Still from Marcia and the Shark. Photo: Supplied

Still from Marcia and the Shark. Photo: Supplied

Local connections at Flickerfest

That annual celebration of the short, Flickerfest, will return to Adelaide next weekend for a one-night-only screening of award-winning shorts from around Australia and the world. Picked from a pool of 3,500 entries — a new high watermark for the festival — this year’s program includes seven titles with South Australian ties, including Dragon’s Breath, a middle school talent show drama co-produced by former MusicSA head Lisa Bishop, and director Sam Ferris Bryant’s Marcia and the Shark.

The latter is inspired by the life of Marcia Nellie Hathaway, an Australian actress made famous after being fatally attacked by a shark in Sydney Harbour in 1963, and pairs two Adelaide faces in the aforementioned Tilda Cobham-Hervey and Eamon Farren.
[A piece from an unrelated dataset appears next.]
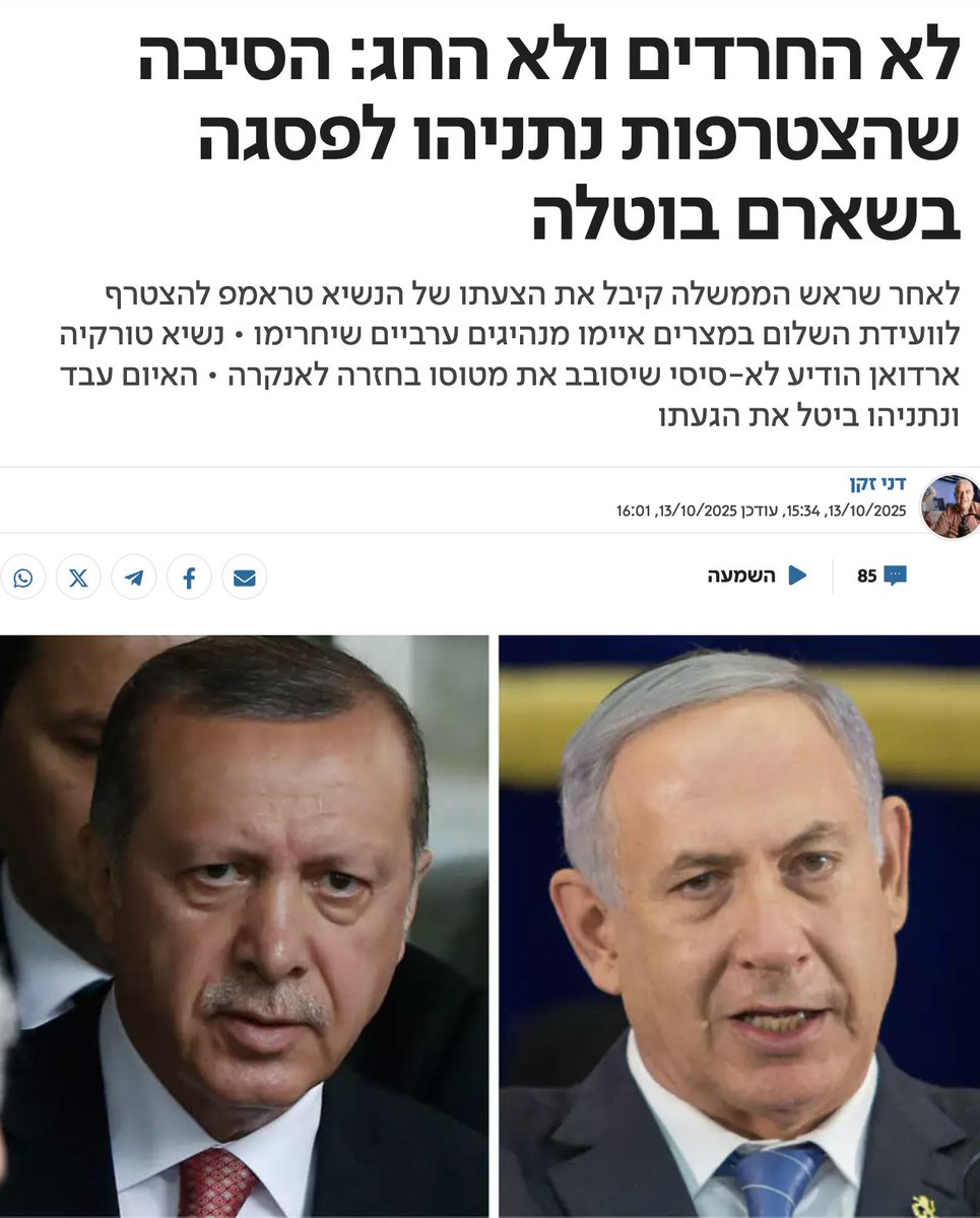 Нетаньяху отменил свою поездку на саммит в Шарм-эш-Шейхе не из-за «праздника или давления ультраортодоксов», а из-за возражений президента Турции Эрдогана, утверждает еврейское издание «Исраэль Хайом».

The pair previously shared billing in Windmill Pictures’ Girl Asleep before going on to a number of big projects. Farren has also turned up in Netflix’s Witcher, while his sinister turn in the late David Lynch’s 2017 Twin Peaks revival continues to haunt. Farren and Cobham Hervey also both appear in Sophie Hyde’s Jimpa, due to screen locally later this year after premiering at Sundance in January.

Dragon’s Breath and Marcia and the Shark will both be screened at the Mercury on Saturday May 10 in a 6pm showcase, The Best of Australian Shorts, before a 9pm session of international highlights in the Best of International Shorts. The latter will include the Australian premiere of the hirsute Belgian animated flick Beautiful Men, and Rhubarb Rhubarb, about a father and daughter working in the “legendary Yorkshire Rhubarb Triangle”. We’re sold.

Flickerfest 2025 hits The Mercury on Saturday May 10.

SALA Contemporary Art Tour. Photo: Sam Roberts / Supplied

SALA Festival registrations open

The festival wheel keeps turning with the South Australian Living Artists Festival opening registrations for its 2025 program, set to take over galleries, libraries, cafes, and practically every other unclaimed corner of the public sphere from August 1 – 31.

Artists and venues can both jump on the SALA website to register — the only criteria for entering is “identify[ing] as South Australian” and be hosting an exhibition within the state that month. We suppose you have to be alive as well — it’s hard to hold a paintbrush when you’re a ghost.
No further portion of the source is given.